Publications Arising:
Lowes DA, Hill AL, Sheth CC, Webster NR, Gow NAR, Galley HF. Relative expression of pentraxin–3 by endothelial cells in response to lipopolysaccharide, cytokines or candida albicans. Br J Anaesth 2009; 103: 320P–321P. Hill AL, Lowes DA, Webster NR, Sheth CC, Gow NAR, Galley HF. Regulation of pentraxin–3 expression by antioxidants. Br J Anaesth 2009; 103: 833–9.

Intrathecal stability of clinical admixtures of morphine, bupivacaine, clonidine and baclofen.

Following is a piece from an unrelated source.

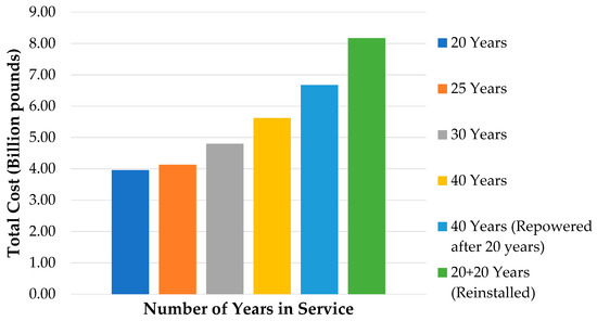 As shown in Figure 5 and Figure 6, the use of existing offshore wind infrastructure for electricity production through life extension and repowering at the end of initial design life is a more cost-effective option compared to the commissioning of a new offshore wind farm. This observation is in agreement with those reported by other researchers, e.g., [48,49]. The analysis performed in this study on London Array wind farm shows that by extending the operational life of the existing wind farm using turbines of the same capacity or retrofitted turbines of higher capacities, a significant saving of up to £2 billion can be made in the capital investments. Seen also in Figure 6 is that although the overall cost of life extension beyond 20 years has been found lower than the repowering cost by up to £2.5 billion, the use of retrofitted wind turbines with higher capacities in the second 20 years lifespan in an existing wind farm can produce much more electricity which would justify the need for further investment compared to the cost of life extension. It is worth noting that while repowering is an attractive and cost effective option for the offshore wind industry, it would need resilient offshore wind infrastructure and accurate structural health monitoring systems and structural integrity assessment procedures to ensure that the aged foundations can sustain the larger wind turbines during the extended life period.

Professor R Sneyd, Peninsula Medical School, Anaesthesia Research, Plymouth.
Student: Mr Mark Ferrigan

The purpose of this study was to determine the long term (3 month) stability of 8 intrathecal drug
admixtures currently used clinically. The admixtures studied were:
1) Morphine sulphate (40 mg / ml) 3.75 ml + clonidine (1000mg) 0.5 ml + bupivicaine (3%) 13.75
ml
2) Morphine sulphate (40 mg / ml) 4.5 ml + clonidine (6500 mg) 3.25 ml + bupivicaine (3%) 10.25
ml
3) Morphine sulphate (40 mg / ml) 4.5 ml + clonidine (3000 mg) 1.5 ml + bupivicaine (3%) 12 ml
4) Morphine sulphate (40 mg / ml) 4.5 ml + bupivicaine (3%) 14.5 ml
5) Morphine sulphate (40 mg / ml) 4.5 ml + bupivicaine (3%) 6.5 ml + NaCl (0.9%) 7 ml
6) Morphine sulphate (40 mg / ml) 4.5 ml + baclofen (2000 mg) 1 ml + bupivicaine (3%) 12.5 ml
7) Morphine sulphate (40 mg / ml) 5.0 ml + clonidine (1000 mg) 0.5 ml + NaCl (0.9%) 14.4 ml
8) Morphine sulphate (40 mg / ml) 12.25 ml + bupivicaine (3%) 22.75 ml
Admixtures were checked at regular intervals over the 6 weeks I was involved with the project (and
thereafter for a further 6 weeks). The preparations were inspected for any colour changes,
precipitation, pH changes and then analysed for drug concentration using liquid
chromatography/mass spectrometry.
The project at this stage is incomplete as the stability study continued beyond the end of the
studentship. In addition, certain methodological difficulties caused problems with drug
concentration determination; in particular the over one hundred–fold differences in drug
concentrations in the admixtures caused difficulties with the bupivacaine quantitation. All samples
have been frozen for bupivacaine re–analysis using an alternative technique.
Once complete, it is envisaged that the work will have a direct bearing on improving the safety of
current clinical prescribing practices for intrathecal admixtures.